Quem caracteriza o rosto da Igreja Católica são as religiosas e os religiosos. São quase um milhão no mundo. Mas, na Europa e na América do Norte, a maioria dos conventos em breve estarão vazios.

A reportagem é de Christian Modehn, publicada no sítio Publik-forum.de, 27-03-2015. A tradução é de Moisés Sbardelotto.

O Papa Francisco declarou 2015 como o "ano das ordens religiosas". Na Alemanha, são propostos dias de portas abertas, fins de semana de reflexão e cursos espirituais. Um congresso público sobre a vida religiosa em Berlim, em maio, deveria oferecer uma constatação crítica da situação atual. Mas o congresso foi cancelado repentinamente pela Zentrale der Deutschen Ordenoberen.

"Tem-se o medo de que haverá muita exposição política, especialmente sobre o problema da migração para a Europa. Depois, há a preocupação de que se possa chegar a conflitos entre a hierarquia e os religiosos", afirma o padre Ulrich Engel, dominicano, professor em institutos superiores e, desde sempre, um espírito crítico.

Muitos religiosos são pessoas exemplares quando defendem os direitos humanos e tomam posição em favor de uma teologia crítica. Mas muitos conventos na Europa e na América do Norte já são praticamente lares de repouso para religiosos idosos. Em 2013, formaram-se na Alemanha 62 noviças na sua congregação feminina. Há 60 anos, as noviças eram 3.500.

A idade média dos jesuítas nas províncias de língua alemã é de 65 anos. As outras ordens têm uma média de idade ainda maior.

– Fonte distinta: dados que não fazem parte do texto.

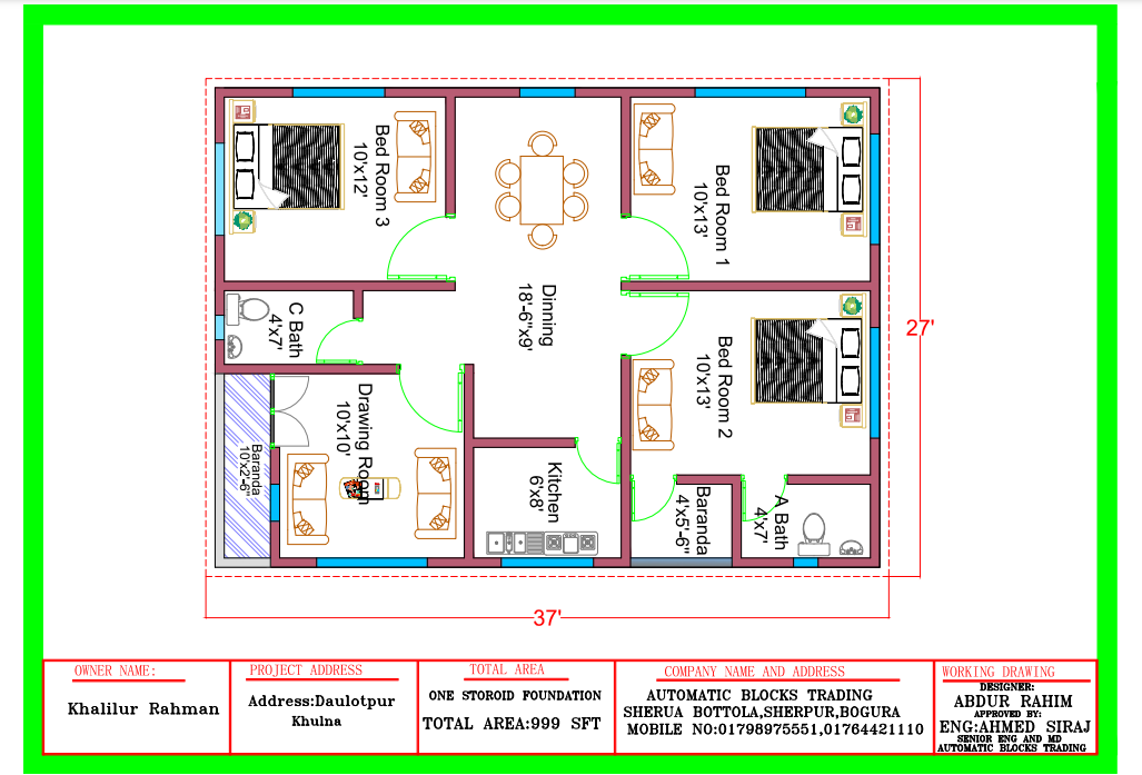 3 Bedroom, 3Bathroom, Drawing,Dining,Kitchen,Blcony and Porch

Para poder fazer com que os mosteiros funcionem, muitas ordens fazem ir à Europa os membros da Índia ou das Filipinas. Os agostinianos, nos últimos 20 anos, abriram mão de 11 conventos e fundaram um único novo.

Ulrich Engel sintetiza o clima: "A situação parece sem esperança, e o tempo das ordens religiosas parece superado no nosso país. Ou, ao menos, é o que as estatísticas levam a pensar".

Há muitas razões para o desaparecimento das ordens clássicas: a secularização, o consumismo, a crescente distância da Igreja. É fundamental o desconforto em relação aos três votos das congregações: castidade, obediência e pobreza.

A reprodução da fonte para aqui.